Vivían en un piso discreto en el centro. Era una vivienda humilde pero suficiente como para albergar a tres personas con comodidad. Hassan era el dueño, ya que era el único con ingresos. Tenía uno de esos locales de “Compro oro” y no le iba del todo mal. De hecho, un observador mínimamente constante descubriría que vendía mucho más oro del que compraba, como si debajo de esa tienda de apenas treinta metros cuadrados hubiera una verdadera mina. Pero nadie se metía con sus negocios ya que Hassan tampoco parecía preocupado por los de los demás, ni por aparentar, ni por destacar. Era solo un inmigrante del sur que subsistía con el negocio del oro y que compartía su humilde piso con dos amigos.

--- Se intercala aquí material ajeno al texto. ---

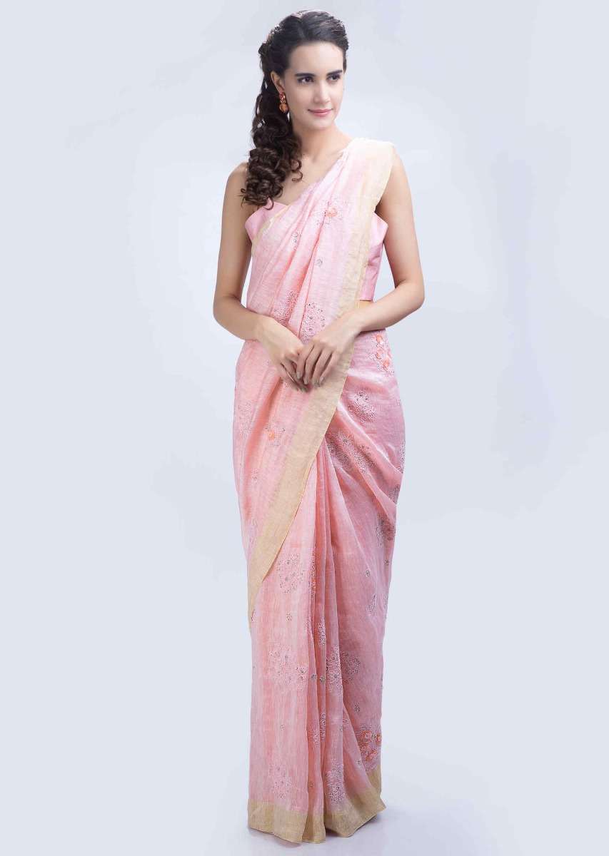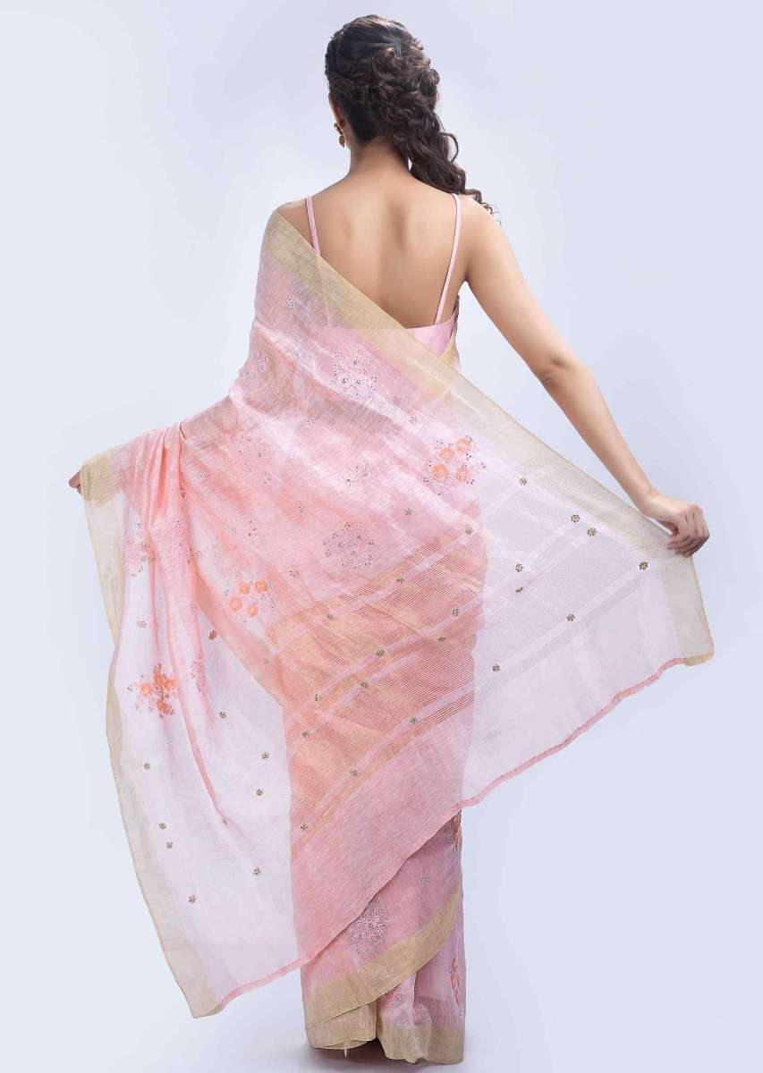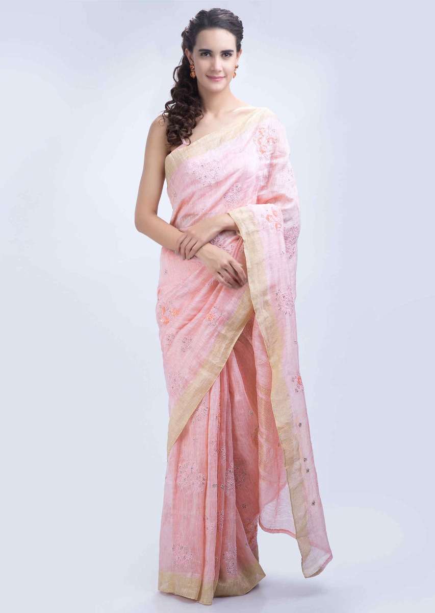 Powder pink linen saree with floral embroidered butti only on Kalki

Cheng apenas salía. Tenía ese nosequé que hacía que le cayera mal a todo el mundo. No era nada alarmante, pero sí un problema a la hora de encontrar trabajo. Pasaba casi todo su tiempo meditando y practicando artes marciales, su pasión. Se sentía orgulloso de ser el único experto en un arte según él milenario y del que ya nadie conocía sus secretos.
El tercero era Sam, el africano. No era su nombre real, ya que éste lo adoptó durante la etapa en la que estuvo en Estados Unidos trabajando en el cine para adultos. Tuvo una época buena en la que protagonizó algunas películas que se convirtieron en clásicos y le dieron unos cuantiosos ingresos, pero al final las cosas terminaron y decidió mudarse con Hassan y Cheng, a quienes conocía desde hacía mucho, mucho tiempo. Seguía rodando ocasionalmente, pero no era una fuente de ingresos fija, por lo que no podría decirse que trabajara.

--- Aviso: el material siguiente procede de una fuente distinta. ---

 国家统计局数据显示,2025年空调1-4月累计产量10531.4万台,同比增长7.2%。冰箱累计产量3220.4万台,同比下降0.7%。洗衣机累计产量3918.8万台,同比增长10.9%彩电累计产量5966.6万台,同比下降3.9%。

En estos momentos Hassan y Cheng estaban viendo la tele en el salón mientras Sam se duchaba. El sonido del agua cesó y tras unos segundos se comenzó a oír repiquetear húmedo, como si alguien golpeara a otro alguien con un pez recién sacado del río. Ambos supieron qué era ese sonido. Era el descomunal pene de Sam rebotando en sus piernas al caminar; una visión perturbadora a la que sus dos compañeros no lograban acostumbrarse. La naturalidad con la que Sam lo exhibía, como una tercera pierna en su cuerpo alto, fibrado y de piel tan negra como la noche, creaba una extraña sensación de inferioridad, como si Sam fuera el cénit de la evolución y todos los demás, intentos fallidos de seres humanos. Cheng y Hassan miraron la televisión con mucha más intensidad mientras Sam caminaba desde el baño hasta su habitación, tal como dios le trajo al mundo. No se dijeron nada pero Hassan miró su reloj y se levantó; era hora de abrir la tienda. Cheng le siguió.